# So long, Blackman...



## danalto

I have just learned that Blackman, who has been a valuable forum contributor for many years, has just passed away.
I met Nello a couple of times, with his wife and his daughter, and this is a very sad new for me.

Ciao, Nello, fa' buon viaggio, amico caro.

Daniela


----------



## Paulfromitaly

Thanks for everything you have done for us.
Here, you will not be forgotten!

Ciao


----------



## Necsus

BlackmaNello... che dire... è stato un privilegio conoscerti, anche di persona, e condividere con te questo spazio virtuale.
Un ultimo abbraccio a te e uno ancora più forte alla tua famiglia.
Francesco


----------



## Mary49

Mancheranno i suoi interventi. Un vero peccato non averlo potuto conoscere di persona.


----------



## Benzene

_I am immensely saddened by Blackman's sudden passing.
I'm sorry I didn't get to meet you in person.
Fly high in the sky and protect all those who love you.
Rest in Peace, Nello.

*Sandro*_


----------



## Tegs

I'm so sorry to hear this.
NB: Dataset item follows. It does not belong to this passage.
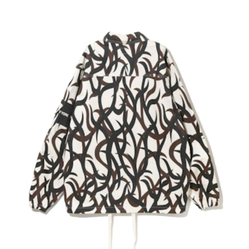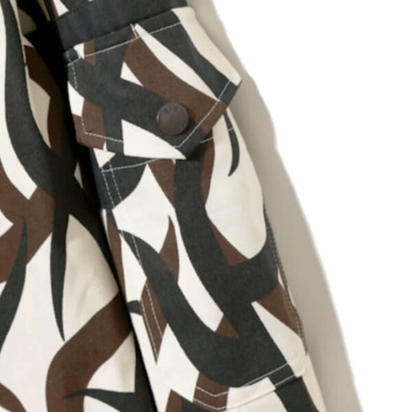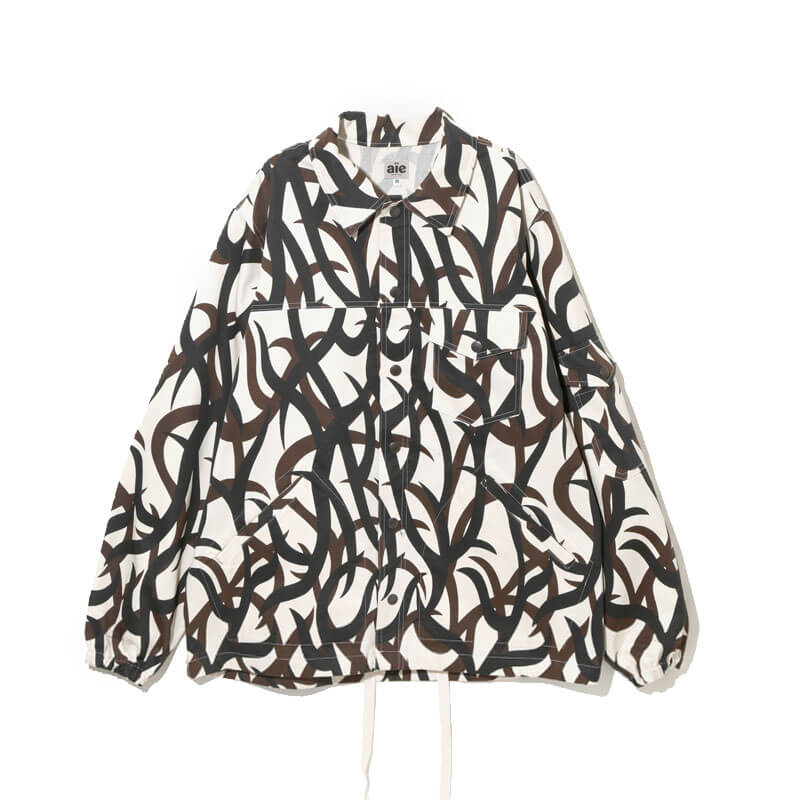 AÏE JeanC Jacket – Printed Off White: A classic jacket with a unique design that looks like a combination of a jean jacket and a coach jacket. This season, we have released a playful design using light ounce denim material in various color combinations.

He was a lovely member of the Italian-English forum.


----------



## london calling

danalto said:


> I have just learned that Blackman, who has been a valuable forum contributor for many years, has just passed away.
> I met Nello a couple of times, with his wife and his daughter, and this is a very sad new for me.
> 
> Ciao, Nello, fa' buon viaggio, amico caro.
> 
> Daniela


Che peccato. 🙁


----------



## ain'ttranslationfun?

Blackman will be missed. I appreciated his posts.


----------



## WordsWordWords

I haven't logged on here for almost a year and I am saddened to see the passing of this excellent foero. My condolences to those who knew him better, and to the WR community in general. 😔


----------